IMPROVED ON SNOW COVER EXTRACTION IN MOUNTAINOUS AREAS BASED ON MULTI-FACTOR NDSI DYNAMIC THRESHOLD
Keywords: Normalized difference snow index, Normalized difference forest snow index, Snow cover period, Snow cover underlying land type, dynamic threshold
Abstract. Snow cover is one of the most active elements of the cryosphere and plays an important role in the surface radiation budget and water balance. Optical satellite remote sensing has become an important tool for snow identification and monitoring. The Sentinel-2 A/B satellite has become an important data source for snow cover extraction because of its high radiation resolution, which reduces the problem of snow/ice saturation in remote sensing observations. The normalized differential snow cover index (NDSI) and the snow cover index considering the forest cover area (NDFSI) are important methods for snow cover extraction, but due to the strong spatial heterogeneity and fast change speed of snow cover in mountainous areas, using the classical fixed threshold method to extract snow cover will result in a large omission error.
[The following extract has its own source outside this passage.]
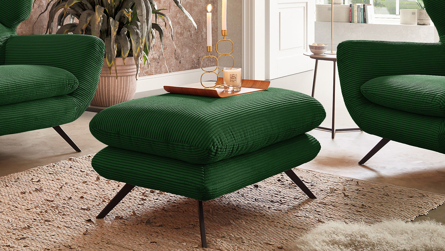 El taburete CHARME de KAWOLA es un banco taburete muy especial y pone nuevos acentos en el salón como auténtica pieza de diseño. El estilo del taburete CHARME recuerda a los años sesenta: en este caso se ha optado por la funda de pana a juego con la forma inusual. Los pies de metal negro son ligeramente acampanados. El tapizado del banco taburete CHARME es de espuma PUR e impresiona por su comodidad de asiento suave y desenfadada. El cojín del asiento se amolda cómodamente a la forma del cuerpo. Por supuesto, el taburete está completamente revestido con la tela Pana, por lo que también puede colocarse en cualquier lugar de la habitación. Si no busca un simple taburete, sino un punto de atracción muy especial, ¡el banco taburete CHARME de KAWOLA es la elección perfecta!

In this paper, a dynamic threshold method is constructed by synthesizing the effects of the type of snow cover period, aspect and snow underlying land coverage type on the snow cover NDSI/NDFSI. Compared with the high-resolution GF-2 snow map results, the dynamic threshold method has higher accuracy in extracting snow cover, and the overall classification accuracy, omission error, commission error and Kappa coefficient are 97.70%, 0.20%, 11.17% and 0.93 respectively. The dynamic threshold method is used to extract snow cover in a snow cover period in the Babao River Basin. The snow cover rate in the basin fluctuates greatly with time, and the spatial distribution of snow cover is uneven, with more snow cover in mountainous areas and rapid changes in snow cover in river valleys.